The patient subsequently underwent proton beam therapy and received the remaining chemotherapy, which was administered partially concurrently, with close disease monitoring throughout the treatment period. His treatment was completed according to protocol. After approximately nine months, at the end of therapy, an MRI scan revealed stable disease without suspicion of relapse. However, liquid biopsy monitoring at that time showed an increase of the VAF of the SMARCB1 variant (Fig. 1c) while total cfDNA concentration remained low. This increase proved to be an early indicator of disease activity.
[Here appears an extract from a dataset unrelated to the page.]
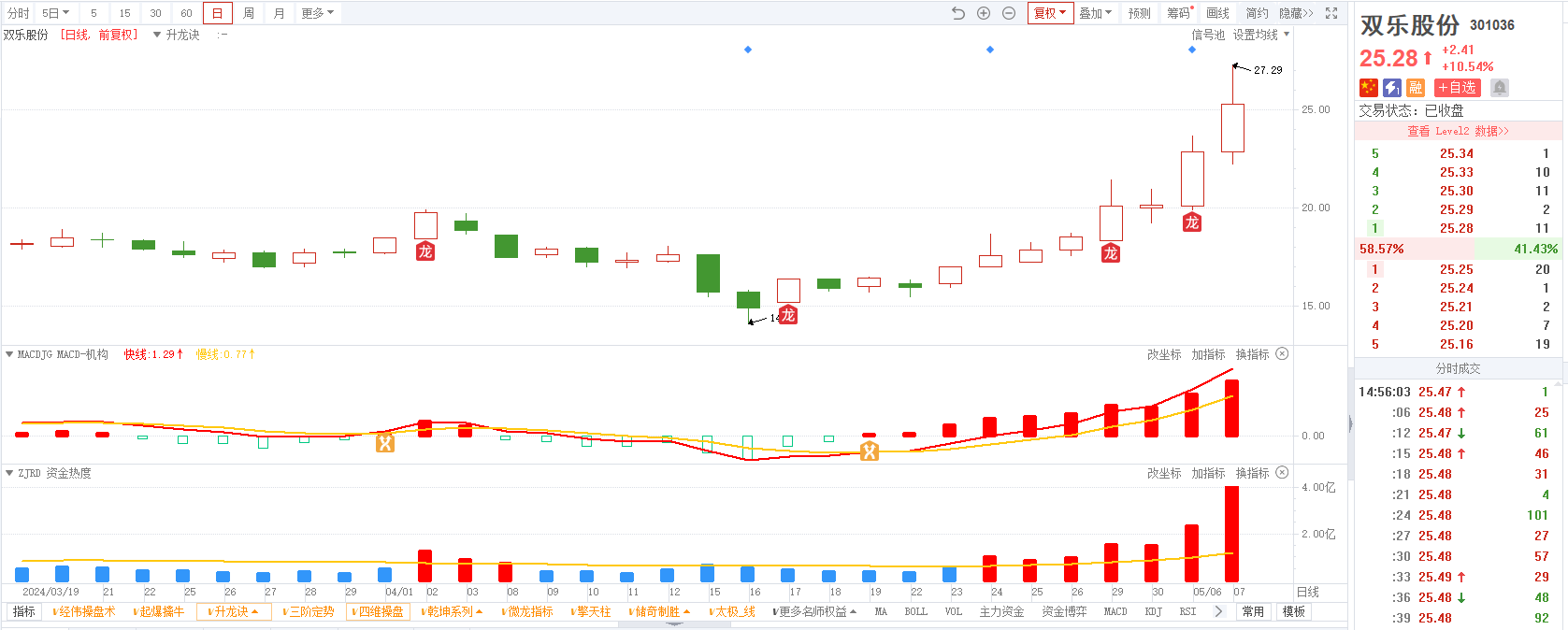 3)参考技术指标:双乐股份-升龙诀指标-出现龙信号

Heterozygous missThe hitherto identified SMARCA4 variants in ATRT are exclusively homozygous and inactivating. The SMARCA4 variant described here (p.G1162S) is localized in the helicase C-terminal domain of the protein. To contextualize the variant, we reviewed the mutational data from a large-scale study on medulloblastoma [14] which identified multiple variants within the C-terminal helicase domain, including one tumor harboring the p.G1162S substitution (Fig. 1e). Of note, the same heterozygous SMARCA4 mutation has also been detected in adult T-ALL relapses (Sentis et al. Genome Biology 2020).

Three months later, follow-up imaging revealed metastatic spread, and the patient is currently undergoing treatment for early recurrence of his AT/RT. This was paralleled by an increase both of the total cfDNA but also in the VAF of the SMARCB1 gene alteration.